### Data section
========================================================================

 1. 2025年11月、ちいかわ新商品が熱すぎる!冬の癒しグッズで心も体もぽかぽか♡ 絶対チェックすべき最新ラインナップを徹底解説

========================================================================

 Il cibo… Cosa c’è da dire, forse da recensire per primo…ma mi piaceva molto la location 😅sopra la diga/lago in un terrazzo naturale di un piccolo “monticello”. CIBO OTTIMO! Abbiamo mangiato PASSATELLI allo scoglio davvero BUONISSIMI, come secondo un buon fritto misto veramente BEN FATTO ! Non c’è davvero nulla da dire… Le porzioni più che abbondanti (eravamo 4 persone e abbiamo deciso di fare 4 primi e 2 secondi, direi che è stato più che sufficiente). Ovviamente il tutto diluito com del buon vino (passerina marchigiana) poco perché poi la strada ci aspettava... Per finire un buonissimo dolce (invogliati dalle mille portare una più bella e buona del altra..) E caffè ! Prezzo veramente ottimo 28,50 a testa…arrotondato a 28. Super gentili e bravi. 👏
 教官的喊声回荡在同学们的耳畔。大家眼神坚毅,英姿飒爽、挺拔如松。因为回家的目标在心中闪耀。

========================================================================

Only the lines above starting at the one containing "Il cibo… Cosa" and ending at the one containing "教官的喊声回荡在同学们的耳畔", both included, are to be returned, exactly as they read.

### Response to the task
 Il cibo… Cosa c’è da dire, forse da recensire per primo…ma mi piaceva molto la location 😅sopra la diga/lago in un terrazzo naturale di un piccolo “monticello”. CIBO OTTIMO! Abbiamo mangiato PASSATELLI allo scoglio davvero BUONISSIMI, come secondo un buon fritto misto veramente BEN FATTO ! Non c’è davvero nulla da dire… Le porzioni più che abbondanti (eravamo 4 persone e abbiamo deciso di fare 4 primi e 2 secondi, direi che è stato più che sufficiente). Ovviamente il tutto diluito com del buon vino (passerina marchigiana) poco perché poi la strada ci aspettava... Per finire un buonissimo dolce (invogliati dalle mille portare una più bella e buona del altra..) E caffè ! Prezzo veramente ottimo 28,50 a testa…arrotondato a 28. Super gentili e bravi. 👏
 教官的喊声回荡在同学们的耳畔。大家眼神坚毅,英姿飒爽、挺拔如松。因为回家的目标在心中闪耀。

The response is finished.